Cranberry Nut Cookies with Ice Cream and Passion Fruit Sauce
- For the cookies
- 550g plain flour
- Pinch of salt
- 350g unsalted butter, cut into pieces
- 250g caster sugar
- 60g dried cranberries, roughly chopped
- 60g pistachios, roughly chopped
- Cold water to bind
- For the sauce
- 5 passion fruit, halved
- 80ml shop bought passion fruit juice
- 1 tbsp caster sugar
- Vanilla ice cream
1. Place the flour and salt in a mixing bowl.
2. Add the butter and rub with your fingers until it resembles breadcrumbs.
3. Add the sugar and work it until a dough is formed, using a sprinkle of cold water if need be.
4. Mix in the cranberries and pistachio nuts.
5. Divide into three and cover each with cling wrap and freeze until needed.

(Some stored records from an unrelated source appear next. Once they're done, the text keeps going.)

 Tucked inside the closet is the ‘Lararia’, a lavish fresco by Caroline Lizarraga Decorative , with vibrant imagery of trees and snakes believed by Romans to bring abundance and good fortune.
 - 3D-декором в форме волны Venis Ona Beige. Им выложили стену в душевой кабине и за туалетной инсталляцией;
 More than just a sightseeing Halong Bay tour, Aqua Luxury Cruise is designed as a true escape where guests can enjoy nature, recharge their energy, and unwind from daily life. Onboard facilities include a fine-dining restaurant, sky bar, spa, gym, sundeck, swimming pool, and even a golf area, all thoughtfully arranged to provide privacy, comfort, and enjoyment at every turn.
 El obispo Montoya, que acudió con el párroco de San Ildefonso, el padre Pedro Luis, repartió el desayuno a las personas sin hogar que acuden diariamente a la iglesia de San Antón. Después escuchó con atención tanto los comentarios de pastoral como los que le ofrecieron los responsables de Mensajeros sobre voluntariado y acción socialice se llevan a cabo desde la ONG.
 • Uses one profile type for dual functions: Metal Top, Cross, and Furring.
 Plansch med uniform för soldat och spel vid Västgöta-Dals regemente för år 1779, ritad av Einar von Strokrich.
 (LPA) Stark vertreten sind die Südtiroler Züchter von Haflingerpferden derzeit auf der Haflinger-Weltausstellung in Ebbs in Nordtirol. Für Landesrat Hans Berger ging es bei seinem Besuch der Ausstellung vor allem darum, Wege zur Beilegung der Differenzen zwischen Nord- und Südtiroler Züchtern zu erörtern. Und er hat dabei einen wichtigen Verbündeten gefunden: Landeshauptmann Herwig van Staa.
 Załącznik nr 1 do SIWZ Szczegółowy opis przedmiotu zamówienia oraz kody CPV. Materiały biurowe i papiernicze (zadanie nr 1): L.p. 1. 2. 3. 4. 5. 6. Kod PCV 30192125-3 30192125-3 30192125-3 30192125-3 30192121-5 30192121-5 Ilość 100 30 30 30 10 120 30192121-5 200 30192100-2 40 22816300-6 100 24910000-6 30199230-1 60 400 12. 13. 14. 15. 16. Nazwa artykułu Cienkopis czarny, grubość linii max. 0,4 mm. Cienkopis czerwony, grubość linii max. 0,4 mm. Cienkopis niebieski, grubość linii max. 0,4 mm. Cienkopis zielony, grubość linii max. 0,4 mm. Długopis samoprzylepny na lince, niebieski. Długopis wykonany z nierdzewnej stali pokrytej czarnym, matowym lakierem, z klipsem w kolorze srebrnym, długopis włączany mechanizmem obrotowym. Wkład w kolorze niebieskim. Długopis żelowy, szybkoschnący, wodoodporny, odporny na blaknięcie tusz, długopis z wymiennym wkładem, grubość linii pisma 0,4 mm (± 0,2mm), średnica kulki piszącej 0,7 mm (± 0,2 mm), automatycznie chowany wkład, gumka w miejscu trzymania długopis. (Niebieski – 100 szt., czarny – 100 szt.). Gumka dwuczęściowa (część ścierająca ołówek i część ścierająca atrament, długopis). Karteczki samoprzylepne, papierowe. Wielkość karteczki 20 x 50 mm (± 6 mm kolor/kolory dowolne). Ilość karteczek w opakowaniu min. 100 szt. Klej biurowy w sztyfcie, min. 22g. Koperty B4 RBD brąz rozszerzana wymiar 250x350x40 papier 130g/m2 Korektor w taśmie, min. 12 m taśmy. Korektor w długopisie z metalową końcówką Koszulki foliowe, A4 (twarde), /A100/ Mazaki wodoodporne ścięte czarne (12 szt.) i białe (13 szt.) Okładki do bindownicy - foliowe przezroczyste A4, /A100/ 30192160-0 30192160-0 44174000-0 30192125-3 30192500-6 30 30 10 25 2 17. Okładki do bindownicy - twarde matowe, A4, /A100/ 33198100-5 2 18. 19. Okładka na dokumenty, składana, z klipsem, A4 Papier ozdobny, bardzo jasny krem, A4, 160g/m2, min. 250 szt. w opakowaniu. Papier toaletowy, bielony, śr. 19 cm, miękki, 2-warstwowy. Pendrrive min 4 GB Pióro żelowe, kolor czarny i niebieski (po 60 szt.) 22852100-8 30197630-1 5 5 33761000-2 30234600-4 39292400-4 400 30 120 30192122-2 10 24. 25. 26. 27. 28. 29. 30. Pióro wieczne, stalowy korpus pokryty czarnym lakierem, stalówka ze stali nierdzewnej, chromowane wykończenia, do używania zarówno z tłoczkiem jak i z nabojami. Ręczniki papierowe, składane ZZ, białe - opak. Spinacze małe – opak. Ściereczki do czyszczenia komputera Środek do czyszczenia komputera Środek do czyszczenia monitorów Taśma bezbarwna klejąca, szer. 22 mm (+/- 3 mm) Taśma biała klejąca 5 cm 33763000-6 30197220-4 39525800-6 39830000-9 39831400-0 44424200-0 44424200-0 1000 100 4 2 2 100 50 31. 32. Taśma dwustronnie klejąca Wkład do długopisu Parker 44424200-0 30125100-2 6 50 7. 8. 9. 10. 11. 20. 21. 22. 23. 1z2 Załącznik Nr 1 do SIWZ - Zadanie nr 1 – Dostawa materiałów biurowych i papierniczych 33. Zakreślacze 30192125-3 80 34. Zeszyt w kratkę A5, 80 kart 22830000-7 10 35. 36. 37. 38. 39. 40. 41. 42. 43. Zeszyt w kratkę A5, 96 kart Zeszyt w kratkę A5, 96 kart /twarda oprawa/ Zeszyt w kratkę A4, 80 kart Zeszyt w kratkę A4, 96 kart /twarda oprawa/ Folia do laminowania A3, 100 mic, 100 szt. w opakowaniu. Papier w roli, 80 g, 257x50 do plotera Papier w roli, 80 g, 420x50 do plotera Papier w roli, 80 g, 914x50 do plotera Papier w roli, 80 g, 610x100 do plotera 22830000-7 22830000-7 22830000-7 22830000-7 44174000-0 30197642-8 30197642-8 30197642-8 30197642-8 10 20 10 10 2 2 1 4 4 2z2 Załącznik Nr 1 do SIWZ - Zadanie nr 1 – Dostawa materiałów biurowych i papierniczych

6. Remove one of three dough portions from the freezer and allow to thaw slightly.
7. Slice into 12 rounds and place on a baking sheet lined with parchment paper.

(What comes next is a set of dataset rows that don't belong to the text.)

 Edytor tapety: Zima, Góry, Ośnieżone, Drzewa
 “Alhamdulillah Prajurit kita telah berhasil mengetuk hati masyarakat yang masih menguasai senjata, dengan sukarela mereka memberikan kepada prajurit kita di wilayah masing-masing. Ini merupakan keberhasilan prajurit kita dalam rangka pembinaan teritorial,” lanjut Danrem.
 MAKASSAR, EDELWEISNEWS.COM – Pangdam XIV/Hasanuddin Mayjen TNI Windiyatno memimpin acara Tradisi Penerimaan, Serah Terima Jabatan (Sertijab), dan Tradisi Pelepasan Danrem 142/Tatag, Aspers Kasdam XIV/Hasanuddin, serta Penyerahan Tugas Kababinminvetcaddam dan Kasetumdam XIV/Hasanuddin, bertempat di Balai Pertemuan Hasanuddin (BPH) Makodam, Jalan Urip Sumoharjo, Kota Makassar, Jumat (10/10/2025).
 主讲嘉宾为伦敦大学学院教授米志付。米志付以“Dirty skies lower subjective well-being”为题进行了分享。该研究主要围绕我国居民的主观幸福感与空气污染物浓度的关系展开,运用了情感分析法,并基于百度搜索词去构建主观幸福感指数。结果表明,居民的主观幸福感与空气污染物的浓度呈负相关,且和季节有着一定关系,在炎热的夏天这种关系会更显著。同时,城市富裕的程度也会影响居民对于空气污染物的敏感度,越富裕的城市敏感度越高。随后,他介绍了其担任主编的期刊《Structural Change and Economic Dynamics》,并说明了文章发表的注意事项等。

8. Bake in an oven preheated at 180° C for about 12-15 minutes until slightly golden.
9. Remove from oven and cool in a slightly before transferring to a wire rack to cool completely.

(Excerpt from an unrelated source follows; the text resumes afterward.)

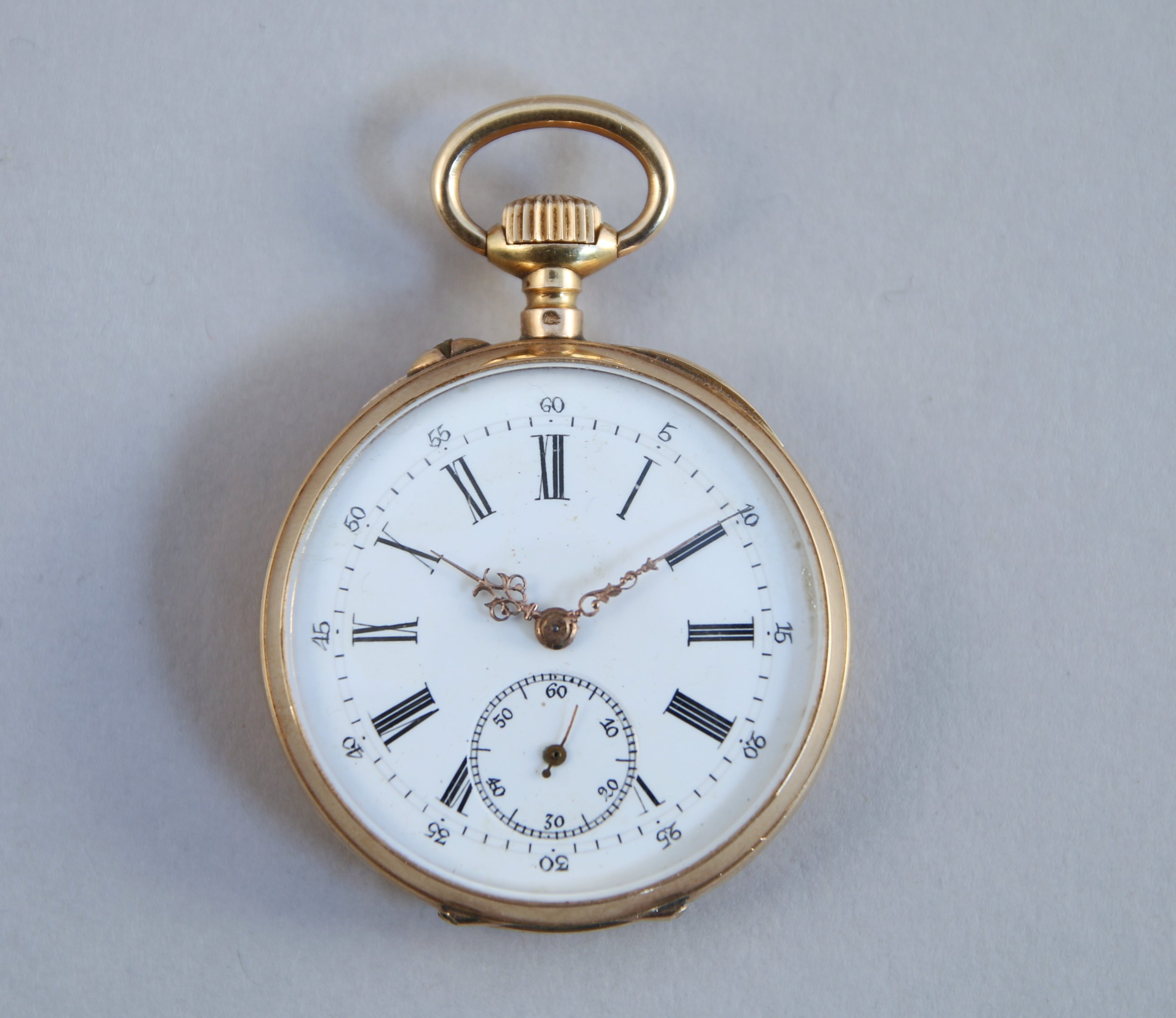 MONTRE DE GOUSSET à remontoir en or, cadran émaillé blanc présentant les heures en chiffres romains et les minutes en chiffres arabes autour d'un chemin de fer. Trotteuse à 6h.
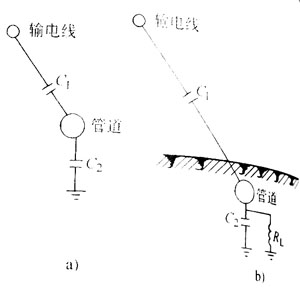 1.靜電感應(容性耦合) 這一方式主要出現在施工期間的地面管道或架設在絕緣墊(如木塊)上時,通過高壓線和管道之間、管道和大

10. For the sauce, scoop out the pulp and seeds from the passion fruit and add to a food processor with the juice and sugar and whizz until blended for 60 seconds. Pass through muslin into a jug and chill until needed.
11. Put 2 scoops of vanilla ice cream into each serving bowl, top with a cookie each and drizzle with passion fruit sauce.